Among the records below, find the line with "Photo #: NH" and the line with "Sunnyglade 9' Patio". Set down both and every line between, exactly and with no pictures, but nothing else.

### Material provided
::::::::::

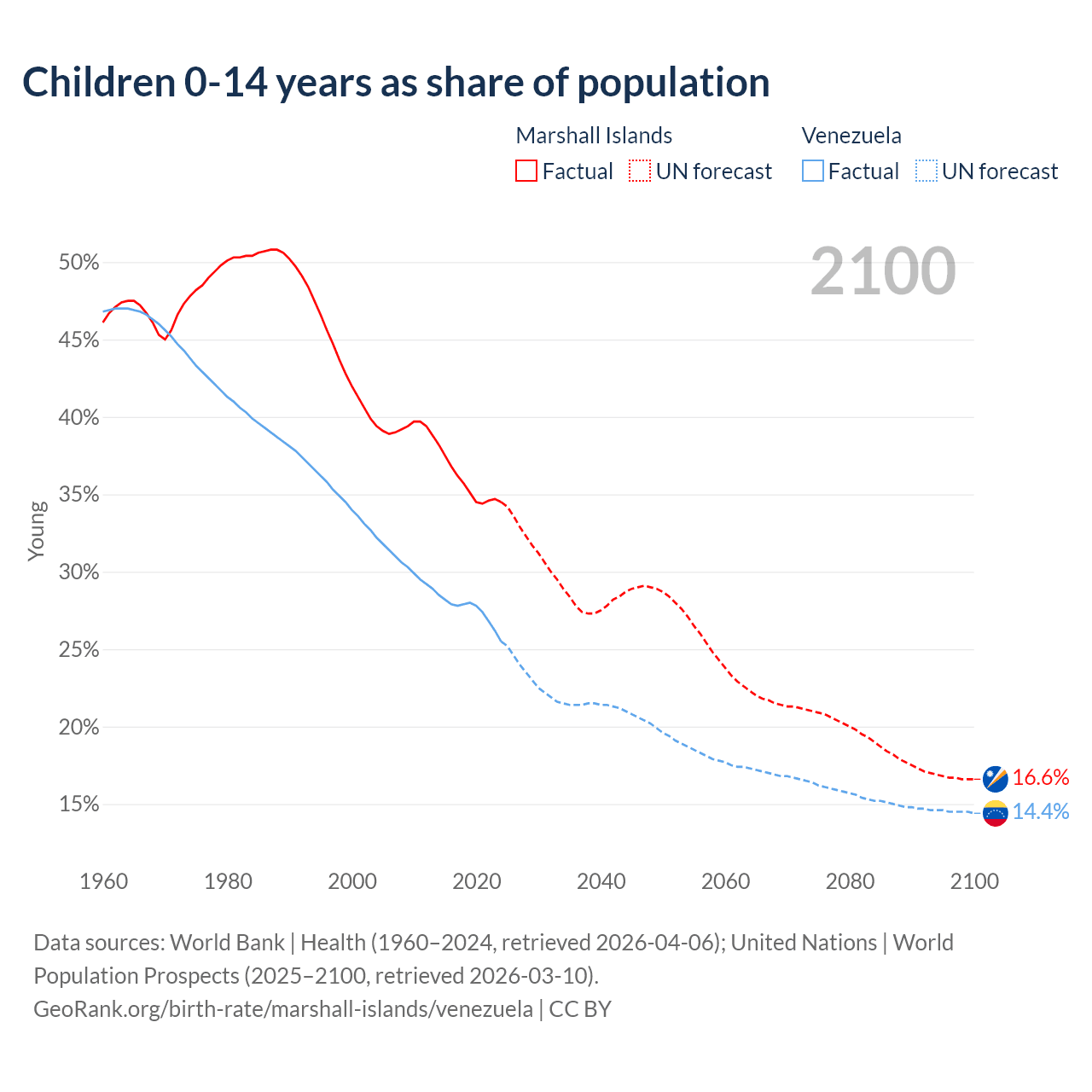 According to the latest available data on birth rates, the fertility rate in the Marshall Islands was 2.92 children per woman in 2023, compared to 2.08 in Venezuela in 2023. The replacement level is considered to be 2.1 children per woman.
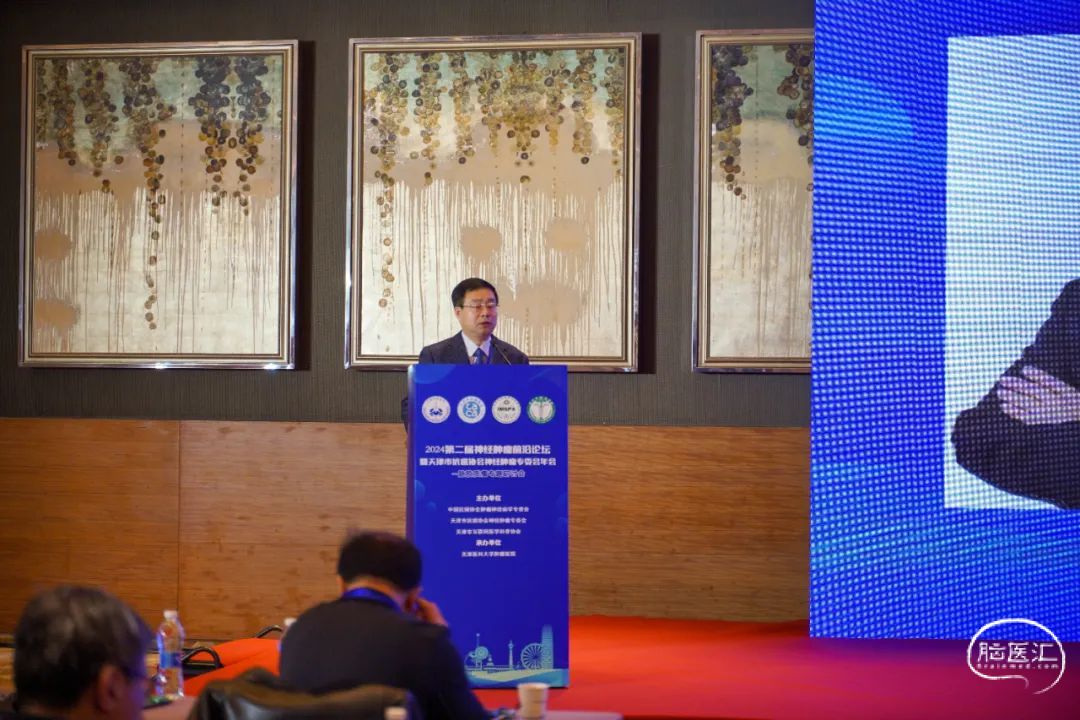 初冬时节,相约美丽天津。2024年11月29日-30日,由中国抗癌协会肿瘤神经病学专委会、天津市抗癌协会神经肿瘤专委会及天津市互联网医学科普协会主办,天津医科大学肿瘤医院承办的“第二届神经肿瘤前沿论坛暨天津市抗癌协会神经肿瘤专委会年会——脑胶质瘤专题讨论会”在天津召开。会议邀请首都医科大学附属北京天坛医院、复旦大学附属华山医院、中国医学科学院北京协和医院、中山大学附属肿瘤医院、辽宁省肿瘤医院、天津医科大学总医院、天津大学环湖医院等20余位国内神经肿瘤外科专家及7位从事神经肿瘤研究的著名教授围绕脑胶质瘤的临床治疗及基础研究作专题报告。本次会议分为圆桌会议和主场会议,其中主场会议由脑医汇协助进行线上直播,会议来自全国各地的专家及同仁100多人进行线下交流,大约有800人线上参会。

::::::::::

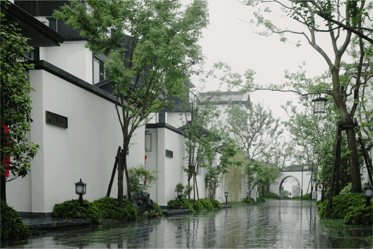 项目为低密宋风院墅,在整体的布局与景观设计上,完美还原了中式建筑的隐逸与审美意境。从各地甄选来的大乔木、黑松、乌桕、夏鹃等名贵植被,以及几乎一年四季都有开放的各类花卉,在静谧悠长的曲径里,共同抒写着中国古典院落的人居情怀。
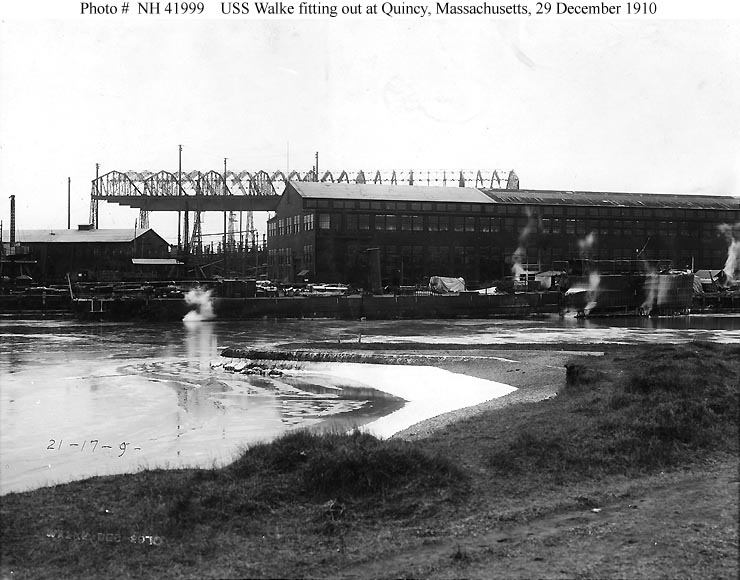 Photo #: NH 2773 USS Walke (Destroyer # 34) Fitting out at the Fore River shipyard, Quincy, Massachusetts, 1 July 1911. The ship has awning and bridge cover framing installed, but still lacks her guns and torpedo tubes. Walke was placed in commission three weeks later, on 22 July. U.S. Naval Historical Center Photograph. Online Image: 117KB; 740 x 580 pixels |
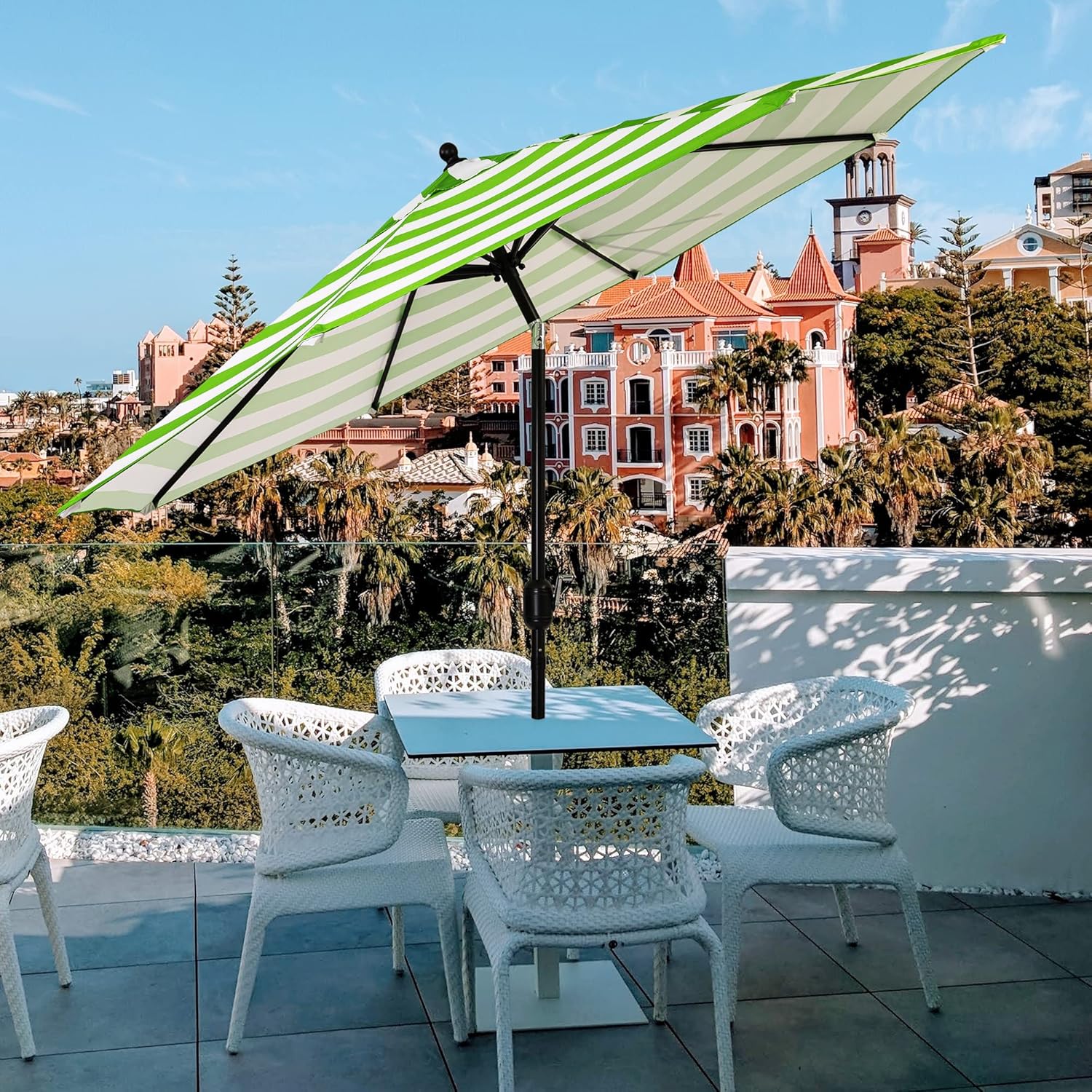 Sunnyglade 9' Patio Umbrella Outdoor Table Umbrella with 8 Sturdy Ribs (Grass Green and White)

::::::::::

### Response area
 Photo #: NH 2773 USS Walke (Destroyer # 34) Fitting out at the Fore River shipyard, Quincy, Massachusetts, 1 July 1911. The ship has awning and bridge cover framing installed, but still lacks her guns and torpedo tubes. Walke was placed in commission three weeks later, on 22 July. U.S. Naval Historical Center Photograph. Online Image: 117KB; 740 x 580 pixels |
 Sunnyglade 9' Patio Umbrella Outdoor Table Umbrella with 8 Sturdy Ribs (Grass Green and White)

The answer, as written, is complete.